» Provided material
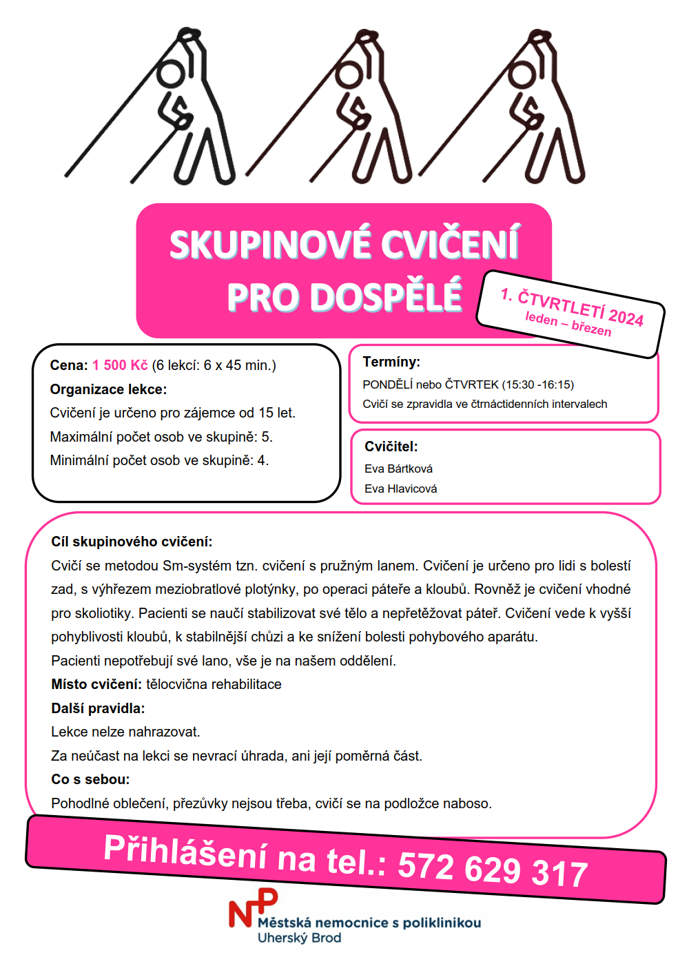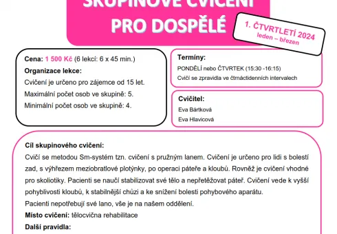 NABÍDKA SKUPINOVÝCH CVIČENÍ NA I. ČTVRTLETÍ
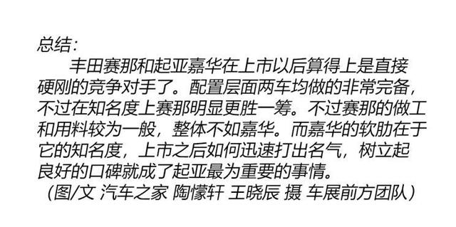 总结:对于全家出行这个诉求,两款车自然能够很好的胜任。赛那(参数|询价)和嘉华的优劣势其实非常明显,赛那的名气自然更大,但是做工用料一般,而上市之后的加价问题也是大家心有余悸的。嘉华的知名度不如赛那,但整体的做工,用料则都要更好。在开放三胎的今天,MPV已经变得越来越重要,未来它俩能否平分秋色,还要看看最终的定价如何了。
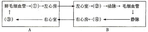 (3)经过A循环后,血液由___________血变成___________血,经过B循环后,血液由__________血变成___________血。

» Work to be completed
From the line holding "总结:对于全家出行这个诉求,两款车自然能" to the final line of the data above, give each line again exactly, both ends included, and drop the pictures.

» Answer below
 总结:对于全家出行这个诉求,两款车自然能够很好的胜任。赛那(参数|询价)和嘉华的优劣势其实非常明显,赛那的名气自然更大,但是做工用料一般,而上市之后的加价问题也是大家心有余悸的。嘉华的知名度不如赛那,但整体的做工,用料则都要更好。在开放三胎的今天,MPV已经变得越来越重要,未来它俩能否平分秋色,还要看看最终的定价如何了。
 (3)经过A循环后,血液由___________血变成___________血,经过B循环后,血液由__________血变成___________血。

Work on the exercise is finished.